Weekly Guild Reports

CSDUMMI · April 2, 2023, 10:53am

In this topic the editors (@CSDUMMI and @Tomat0) will publish brief reports about the activity of the guild.

Anything everyone should know, must be sent to to the editors to be included in this report.

CSDUMMI · June 5, 2023, 6:45pm

June 5. 2023 - Bookwyrm Proposal Accepted

Last week we gathered three proposals and held a vote between them.

The Bookwyrm Migration proposal has won the vote by a 4/5 majority on the first preference.

The form’s results have been published here.

Because this project will be contributing to the Bookwyrm project, we’ll be using the Anti-Capitalist License although the AGPL 3.0 License has won the second question.

What’s next?

We have forked Bookwyrm to our Codeberg organisation. If you send your Codeberg username on the Matrix, we’ll add you this organisation.

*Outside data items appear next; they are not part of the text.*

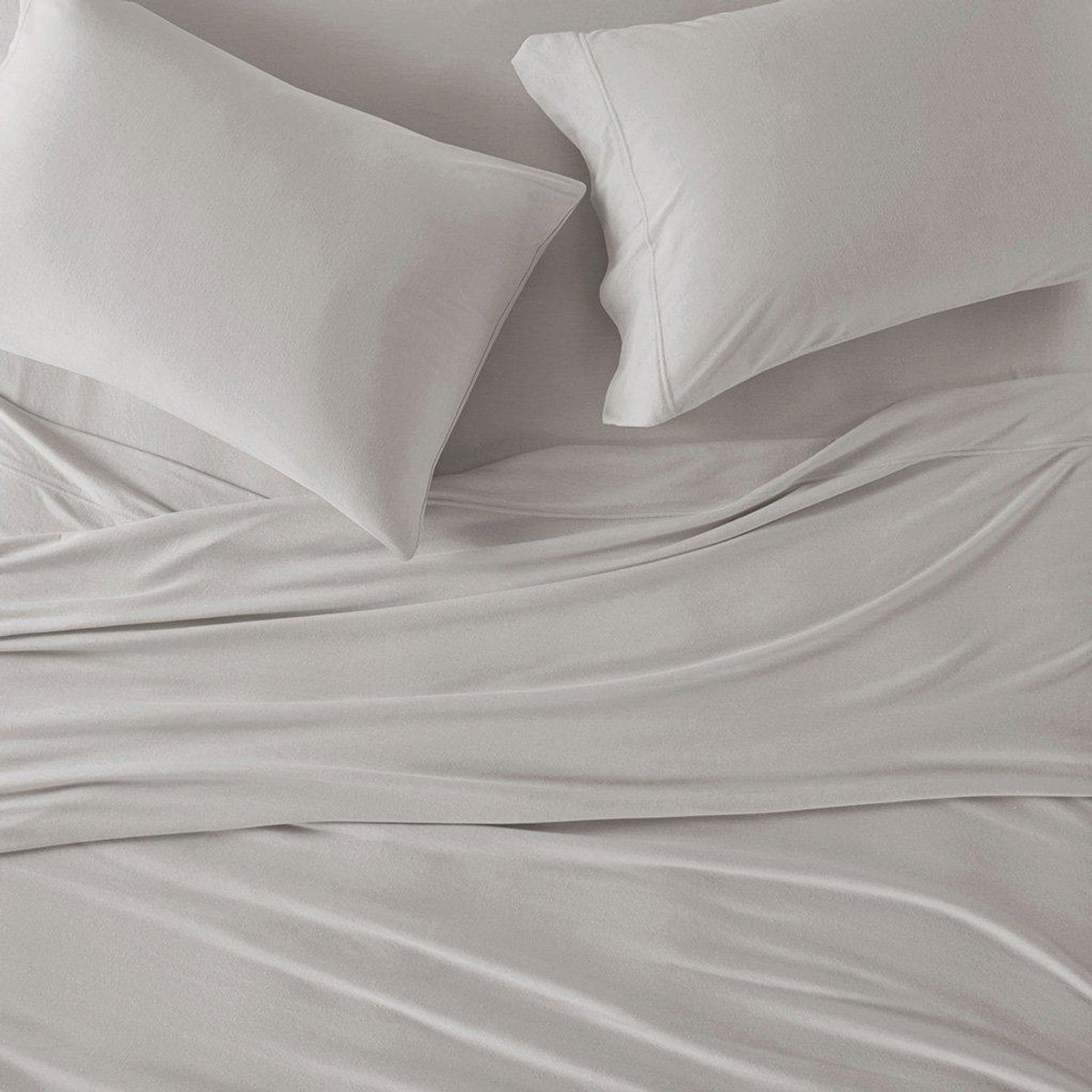 Sleep in comfort year-round with the Intelligent Design Jersey Knit Sheet Set. Made from a soft cotton blend, these sheets feel like your favorite tee – warm in winter and breathable in summer. The stretchy knit makes bed-making easy, while a range of stylish colors adds cozy charm to any bedroom. Machine washable for easy care.
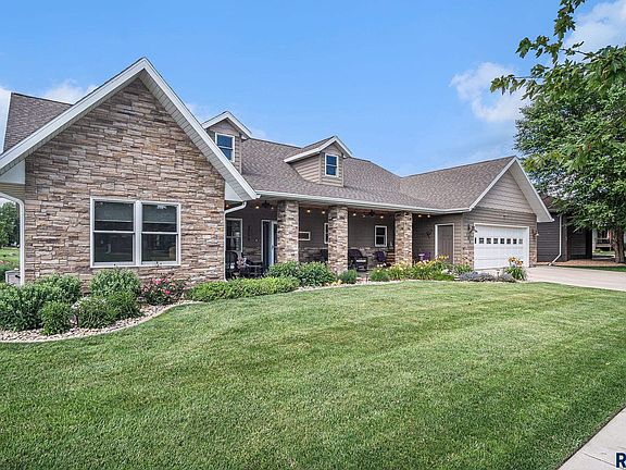 If you would like the ease of having everything on one level or need a handicap accessible home, this is for you! This ranch style home has over 2000 sq ft and is located on just over a 1/4 acre gorgeous lot that backs up to a park with a walking bridge and path. This is a custom built home, unlike any you've seen. A 36 x 12 stamped concrete covered front porch with a trendy fireplace welcomes you home. There is a large entry that has a sitting area with a dormer window for great natural light. Lovely walnut flooring throughout the main living area. The kitchen features knotty alder custom cabinets and has a wonderful pantry with pullout shelves and lots of cabinets. The living and dining room have vaulted ceiling and tons of windows! The living room features a beautiful stone/electric fireplace that you can enjoy year round! The dining area has room for a buffet as well as a large table/chair set. The french door leads to a 44' covered maintenance free deck that overlooks a lush and private yard with no backyard neighbors. Enjoy roll-down shades to keep it cool in the heat of summer. The primary bedroom is massive, has vaulted ceiling, a 10 x 7 walk-in closet w/organizers and a lovely private bath with a large vanity and beautiful tile shower. A convenient 1/2 bath (also built for a storm shelter) for guests is located close to the heated 3 car garage. The garage has a floor drain and hot and cold water and lots of storage. The laundry room has a utility sink and storage cabinets. There are 2 more bedrooms, both with large closets w/organizers and a full bathroom. This home has 9' ceilings! The entire home has in-floor heat. Come check it out, you'll be glad you did!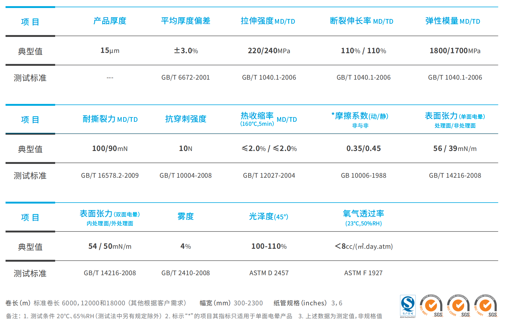 各項性能(強(qiáng)度,收縮率,平整度,光潔度,霧度等)表現(xiàn)優(yōu)異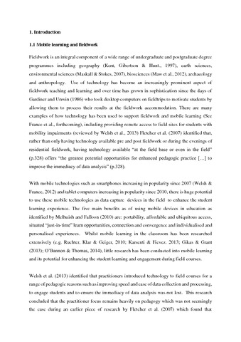 This paper reports findings from six field courses about student’s perceptions of iPads as mobile learning devices for fieldwork. Data were collected through surveys and focus groups. The key findings suggest that the multi-tool nature of the iPads and their portability were the main strengths. Students had some concerns over the safety of the iPads in adverse weather and rugged environments, though most of these concerns were eliminated after using the devices with protective cases. Reduced connectivity was found to be one of the main challenges for mobile learning. Finally, students and practitioners views of why they used the mobile devices for fieldwork did not align.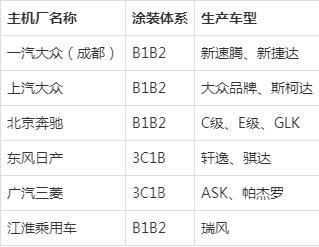 表2 3C1B、B1B2涂装工艺在国内的应用厂家
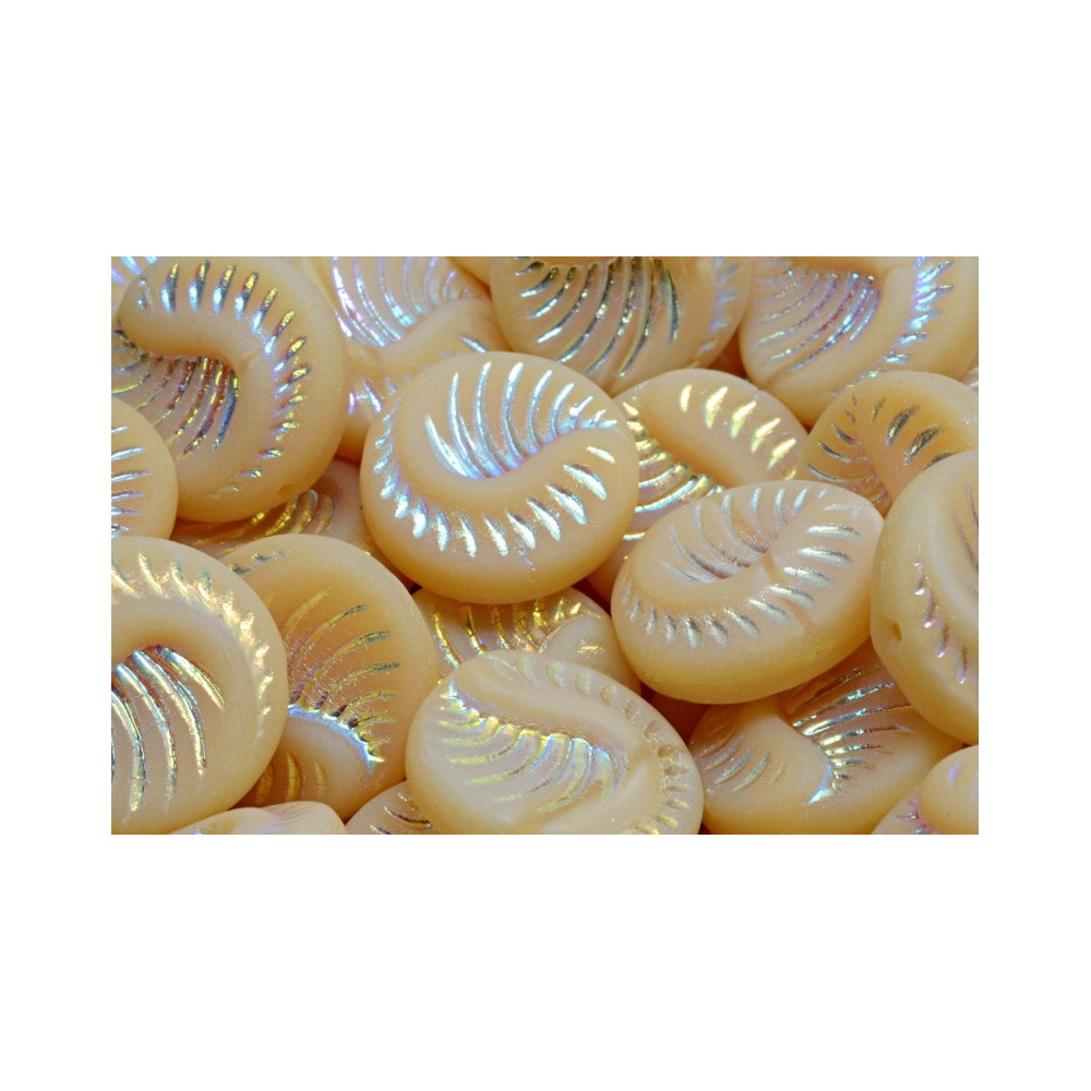 Pale beige tones meet a delicate rainbow shimmer in these hand-pressed Fossil Coin Beads 19 x 19 mm. The opaque cream base provides a neutral foundation, while the intricate spiral etchings are highlighted with an iridescent luster that shifts in the light. These beads capture the essence of ancient maritime treasures, making them a sophisticated choice for nature-inspired collections.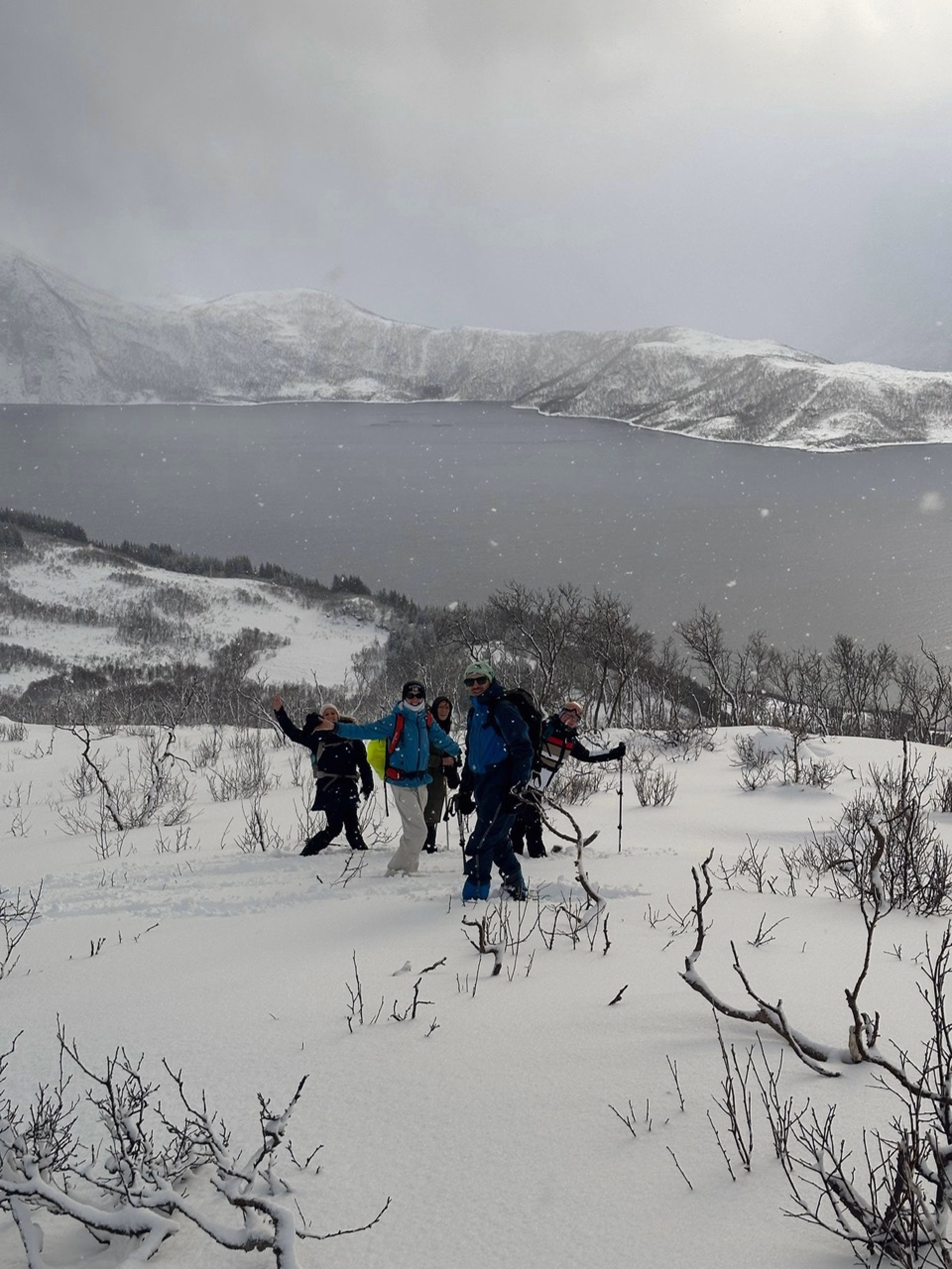 Au fil de notre progression, la vue se dégage sur des panoramas grandioses : au sud, l’île de Berg se dessine dans le décor hivernal, tandis que vers le nord, les pics acérés d’Okshornan, souvent appelés les "dents du diable", se dressent au-dessus des eaux de l’Ersfjorden. En contrebas, le Steinsfjorden, profond et paisible, complète ce tableau d’une beauté saisissante.

These are the current questions we need to answer to work on the Bookwyrm project:

Identify the structure of the codebase (where is the frontend, backend, database schema, etc.)? Collect the information about this in the wiki.
What data needs to be included in an account archive? See this issue
Reach out to the Bookwyrm project. Their Matrix room is this.
How do we set up a test environment? Who wants to set up a test environment? See discussion on Matrix
Should we use ActivityPub as the format for archives?

These are the current questions we need to answer in order to work on the Bookwyrm project.

Anyone should pick whichever question or task they most want to work and we’ll figure out what to do about those questions that nobody works on later on.

For quick communications, use the Matrix room.
If you have a large discussion on a technical topic, open an issue in the Codeberg repository.

CSDUMMI · June 13, 2023, 8:07pm

June 12. 2023 - Code Review

This week we began reviewing the bookwyrm source code. The results of this review is being collected on our wiki in the form of an FAQ. Thanks Valery Briz, @tomat0 and @Ryuno-Ki for working on this.

@dannymate has created two ansible playbooks to setup an environment and a bookwyrm instance. These should make it easier to create test instances.

We also created and discussed several issues to organize our work.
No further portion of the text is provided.